Dexmedetomidine Protects Against Neurological Dysfunction in a Mouse Intracerebral Hemorrhage Model by Inhibiting Mitochondrial Dysfunction-Derived Oxidative Stress.

BACKGROUND

Intracerebral hemorrhage (ICH) is a subtype of stroke with high disability and mortality. Dexmedetomidine (Dex) has been shown to provide neuroprotection in several neurological diseases. The aim of present study was to investigate the effects of Dex on ICH-induced neurological deficits and brain injury and the underlying mechanisms.

METHODS

ICH mouse model was established by intracerebral injection of autologous blood, followed by Dex or vehicle treatment. Neurological function, brain water content, neuronal activity, and oxidative parameters were determined. The protein expressions of peroxisome proliferator-activated receptor gamma coactivator 1-α (PGC-1α), uncoupling protein 2, and manganese-dependent superoxide dismutase were examined by western blotting.

RESULTS

Dex administration significantly inhibited ICH-induced the memory impairment, dyskinesia, brain edema, and neuron loss. In addition, ICH-induced the increase in brain oxidative stress level was markedly attenuated after Dex treatment, as evidenced by increased glutathione peroxidase and superoxide dismutase levels and reduced malondialdehyde and nitric oxide levels. Compared with vehicle-treated ICH mice, Dex-treated ICH mice showed significantly decreased intracellular reactive oxygen species (ROS) and mitochondrial ROS (mROS) production in brain, but had no effects on the increased nicotinamide-adenine dinucleotide phosphate oxidase activity.
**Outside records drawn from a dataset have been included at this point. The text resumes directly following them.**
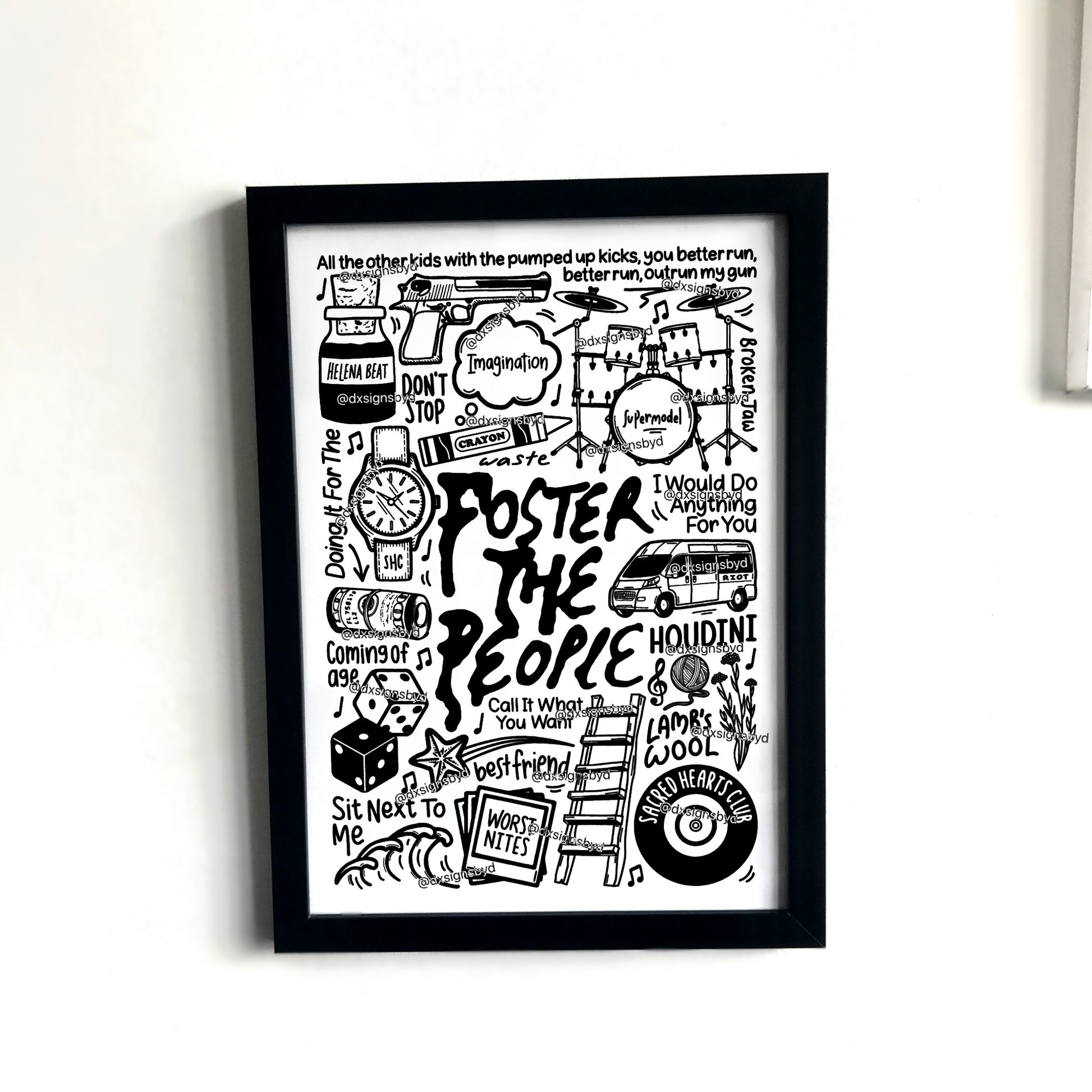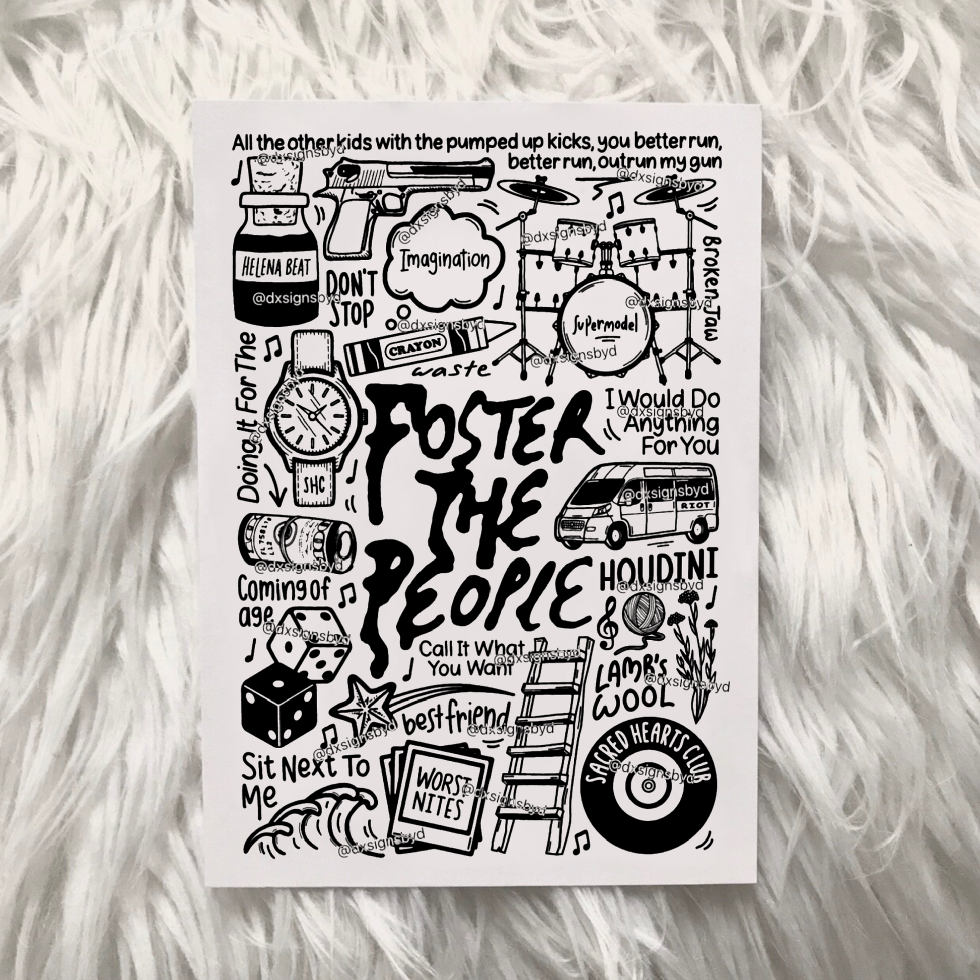 🎶Affiche Foster The People qui comprend des images et des paroles de chansons de leurs albums tels que Torches, Supermodel et Sacred Hearts Club.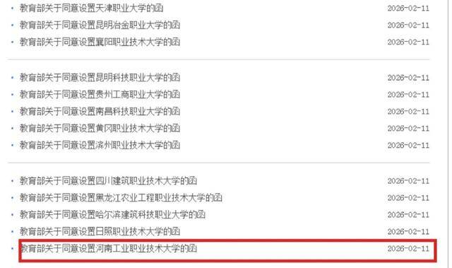 近日,教育部发布了一批同意高等学校设置的函,涉及11所高校更名大学、15所职业本科设置。其中,同意以河南工业职业技术学院为基础设立河南工业职业技术大学,该校升格为公办本科层次职业学校。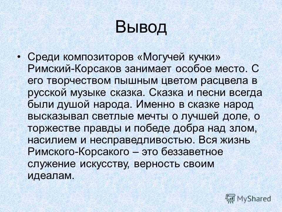 Вывод Среди композиторов «Могучей кучки» Римский-Корсаков занимает особое место. С его творчеством пышным цветом расцвела в русской музыке сказка. Сказка и песни всегда были душой народа. Именно в сказке народ высказывал светлые мечты о лучшей доле, о торжестве правды и победе добра над злом, насилием и несправедливостью. Вся жизнь Римского-Корсакого – это беззаветное служение искусству, верность своим идеалам.
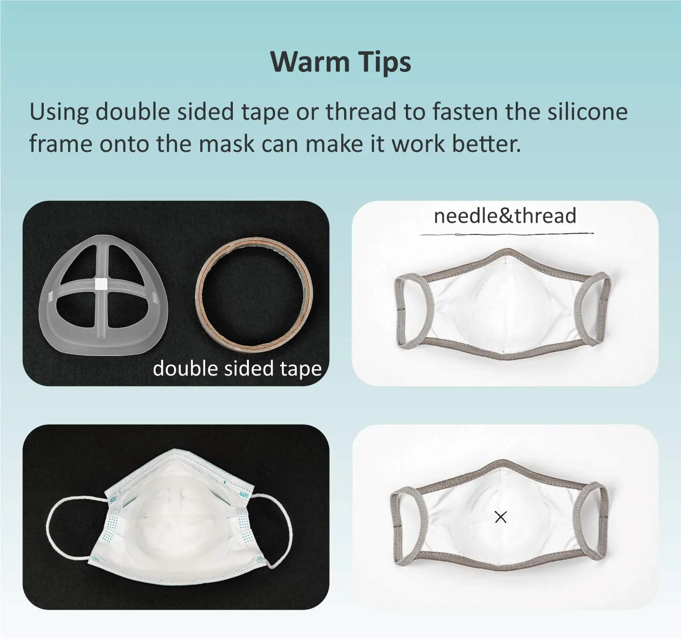 - Consejos útiles: usar cinta de doble cara o hilo para fijar el marco de silicona a la máscara puede hacer que funcione mejor.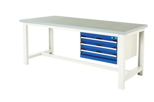 Bott Cubio, braced framework benches. Strong and robust with a variety of optional suspended cabinets and drawer colours. Up to 800kg U.D.L. capacity with a 10-year guarantee. Two width options 1500mm or 2000mm, all benches are 840mm high including worktop.

However, stimulation of mROS abrogated the inhibitory effects of Dex on neurological deficits and oxidative stress. The decrease in production of adenosine triphosphate and the expressions of PGC-1α, uncoupling protein 2, and manganese-dependent superoxide dismutase induced by ICH was restored by Dex treatment.

CONCLUSIONS

Our results reveal that Dex improves ICH-induced neurological deficits and brain injury by inhibiting PGC-1α pathway inactivation and mitochondrial dysfunction-derived oxidative stress.